Segment Open
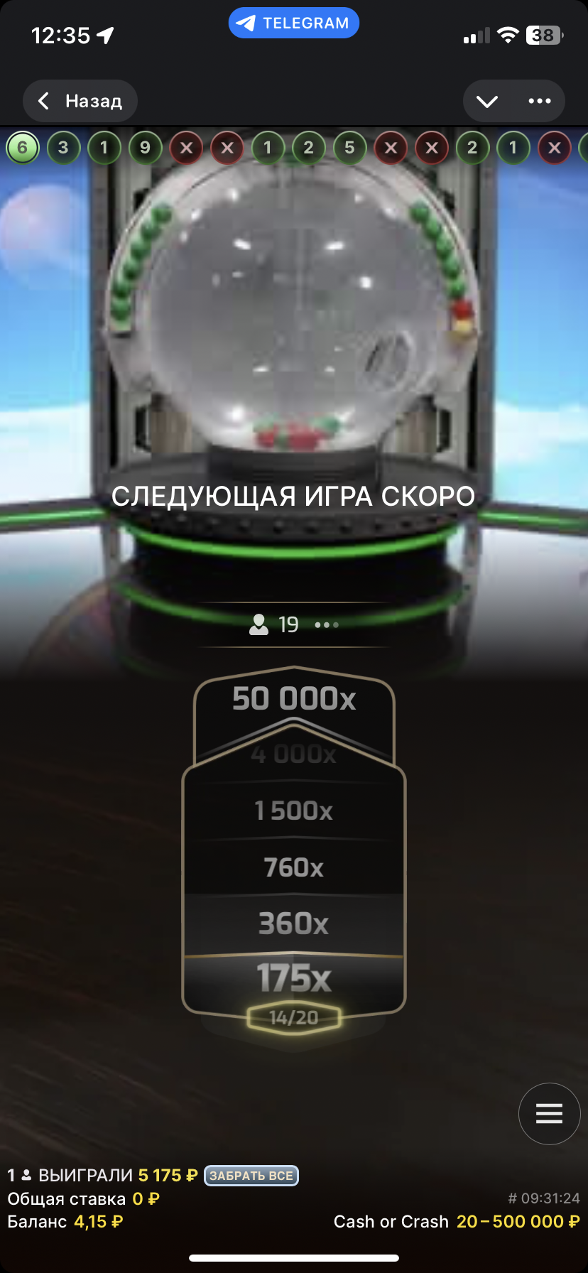 Пару недель назад я уже писал про этот лайв, и как проиграл там за 15 секунд приличные деньги. Но это меня не остановило — я случайно засмотрелся без баланса на сессию, где оно выдало аж 14 зелёных шаров, что позволило ставкам игроков добраться до уровня с коэффициентом 175х!
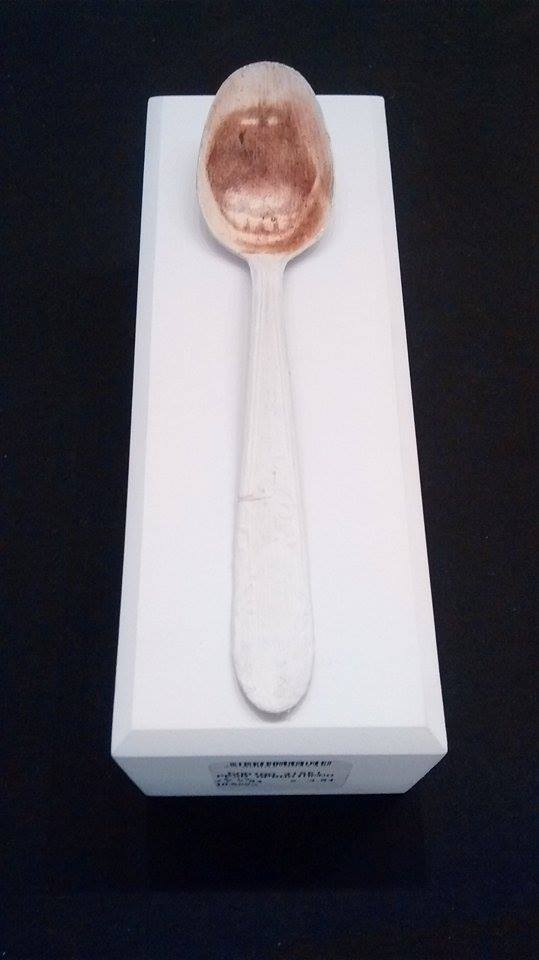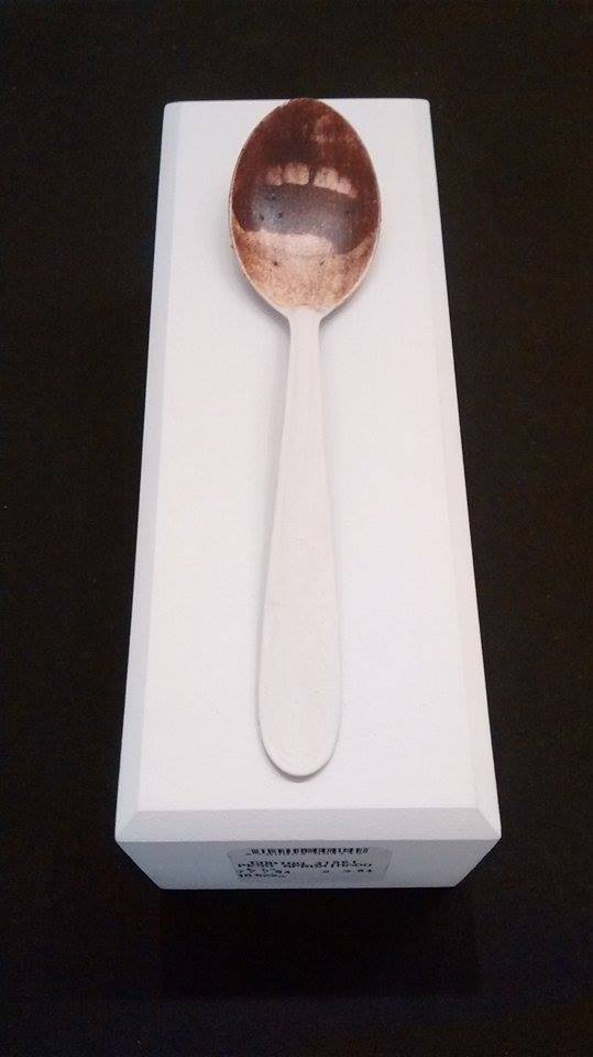 Impresión heliografíica sobre cuchara en pedestal de madera y etiqueta
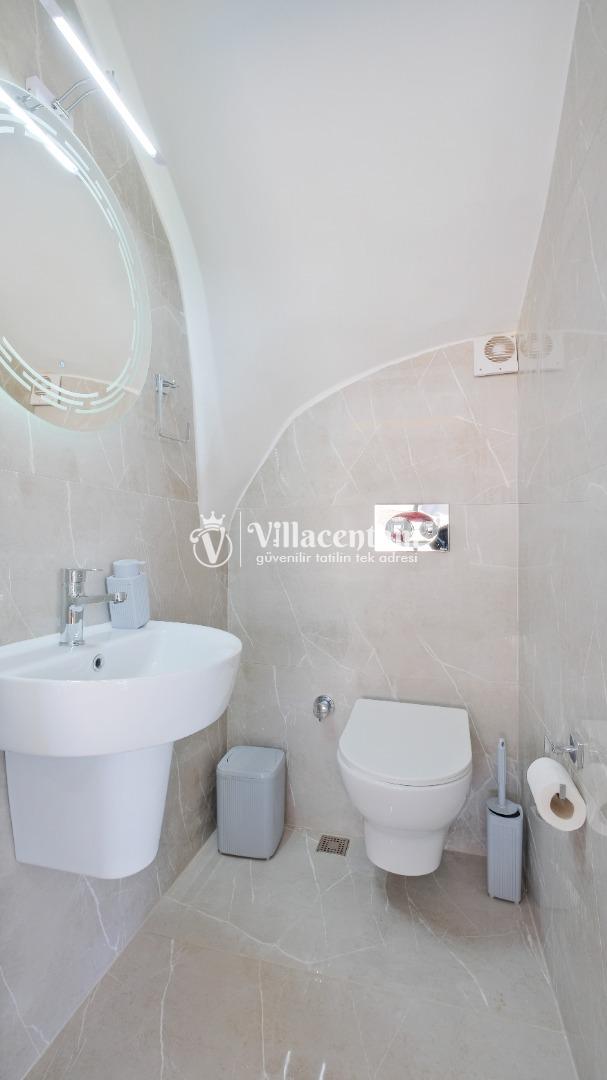 *Villalarda sıcak su için güneş enerjili su ısıtma sistemleri kullanılmaktadır. Çok yoğun sıcak su kullanımında, yoğunluğa ve su tankının büyüklüğüne bağlı olarak su tankında sıcak su tükenebilmekte ve tekrar suyun ısınması için belirli bir süre geçmesi gerekmektedir. Bu not sadece bu villa ile ilgili değil, tüm villalarımız için geçerli bir durumdur.
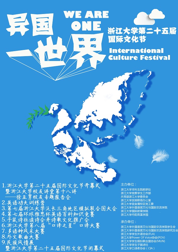 国际文化节是浙江大学各国学子文化交流、风采展示的舞台,是求是学子感受多元文化、开拓国际视野的契机。第二十五届国际文化节以“异国一世界 We Are One”为主题,推进教师、本校学生与留学生共同参与,与浙江大学发展联络办公室共同策划了浙江大学第二十五届国际文化节开幕式暨浙江大学校友讲堂第十八讲——徐亚男校友专题报告会。开幕式之后,本次国际文化节还将举行英语功夫训练营、第七届浙江大学泛长三角地区模拟联合国大会、第七届环球雅思杯英语百科知识竞赛、子鼠诗社读诗会并诗歌文化推广会、浙江大学第八届“口译之星”口译大赛、多语种风采大赛、外文歌曲大赛、民族风情展暨浙江大学第二十五届国际文化节闭幕式等精彩活动,
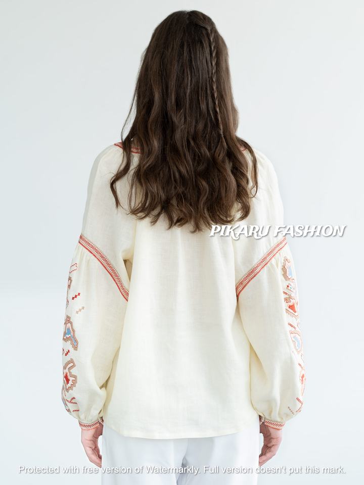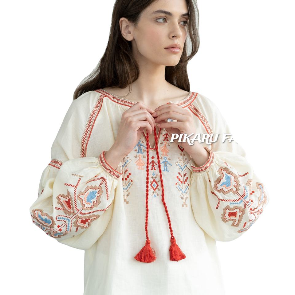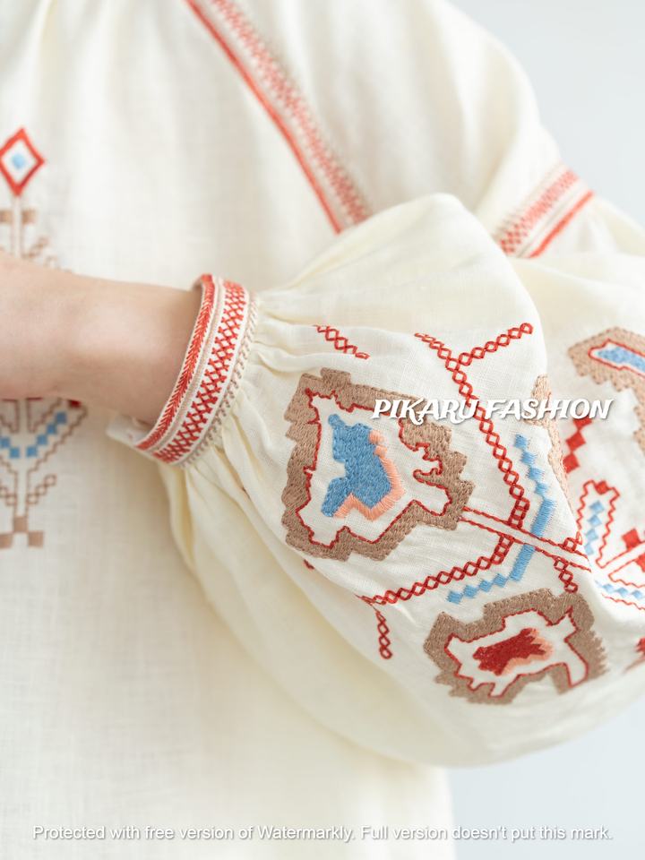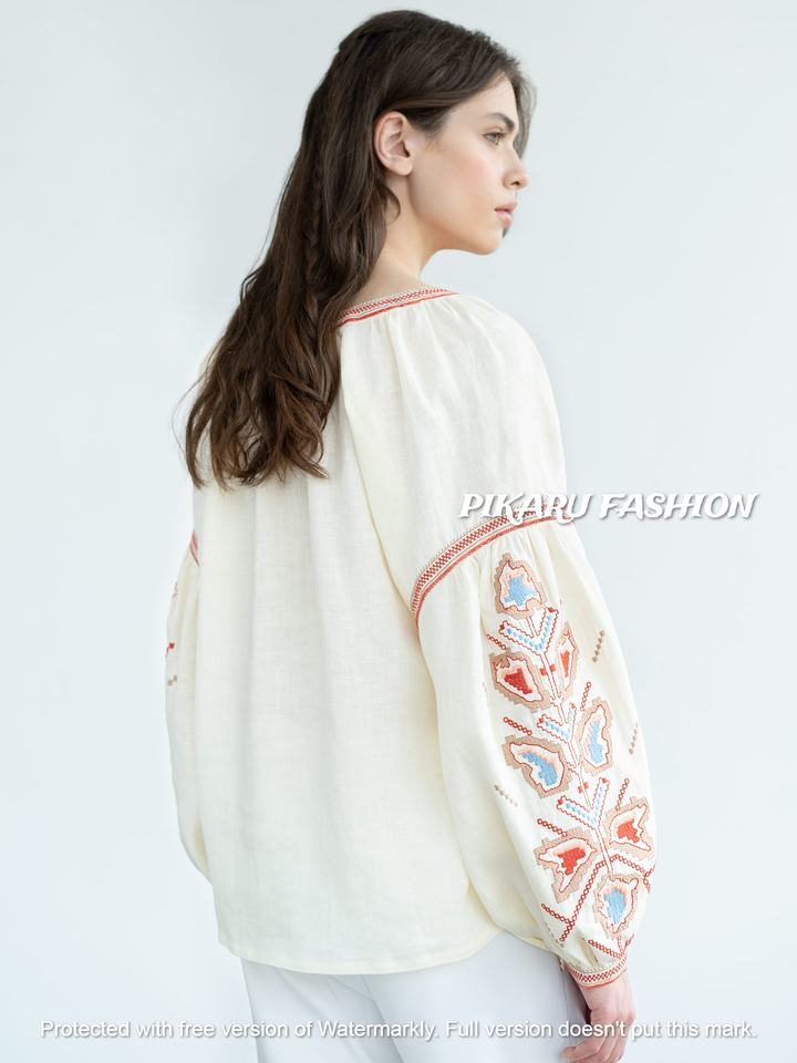 เสื้อท่อนบนแฟชั่นฤดูร้อนสำหรับผู้หญิง คอวี แขนยาว ปักลาย งานปักคุณภาพสูง เอวสูง ผ้าลินินแท้ 100% สวมใส่ได้ทั้งแบบลำลองและเป็นทางการ
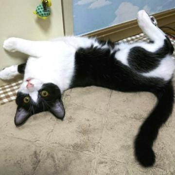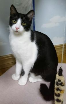 【毛色】 黒白ハチワレ。しっぽは黒く、長くてまっすぐ
Segment Closed
- _Aim of the task_
Write out the material above precisely, leaving each picture behind.

- _Output_
 Пару недель назад я уже писал про этот лайв, и как проиграл там за 15 секунд приличные деньги. Но это меня не остановило — я случайно засмотрелся без баланса на сессию, где оно выдало аж 14 зелёных шаров, что позволило ставкам игроков добраться до уровня с коэффициентом 175х!
 Impresión heliografíica sobre cuchara en pedestal de madera y etiqueta
 *Villalarda sıcak su için güneş enerjili su ısıtma sistemleri kullanılmaktadır. Çok yoğun sıcak su kullanımında, yoğunluğa ve su tankının büyüklüğüne bağlı olarak su tankında sıcak su tükenebilmekte ve tekrar suyun ısınması için belirli bir süre geçmesi gerekmektedir. Bu not sadece bu villa ile ilgili değil, tüm villalarımız için geçerli bir durumdur.
 国际文化节是浙江大学各国学子文化交流、风采展示的舞台,是求是学子感受多元文化、开拓国际视野的契机。第二十五届国际文化节以“异国一世界 We Are One”为主题,推进教师、本校学生与留学生共同参与,与浙江大学发展联络办公室共同策划了浙江大学第二十五届国际文化节开幕式暨浙江大学校友讲堂第十八讲——徐亚男校友专题报告会。开幕式之后,本次国际文化节还将举行英语功夫训练营、第七届浙江大学泛长三角地区模拟联合国大会、第七届环球雅思杯英语百科知识竞赛、子鼠诗社读诗会并诗歌文化推广会、浙江大学第八届“口译之星”口译大赛、多语种风采大赛、外文歌曲大赛、民族风情展暨浙江大学第二十五届国际文化节闭幕式等精彩活动,
 เสื้อท่อนบนแฟชั่นฤดูร้อนสำหรับผู้หญิง คอวี แขนยาว ปักลาย งานปักคุณภาพสูง เอวสูง ผ้าลินินแท้ 100% สวมใส่ได้ทั้งแบบลำลองและเป็นทางการ
 【毛色】 黒白ハチワレ。しっぽは黒く、長くてまっすぐ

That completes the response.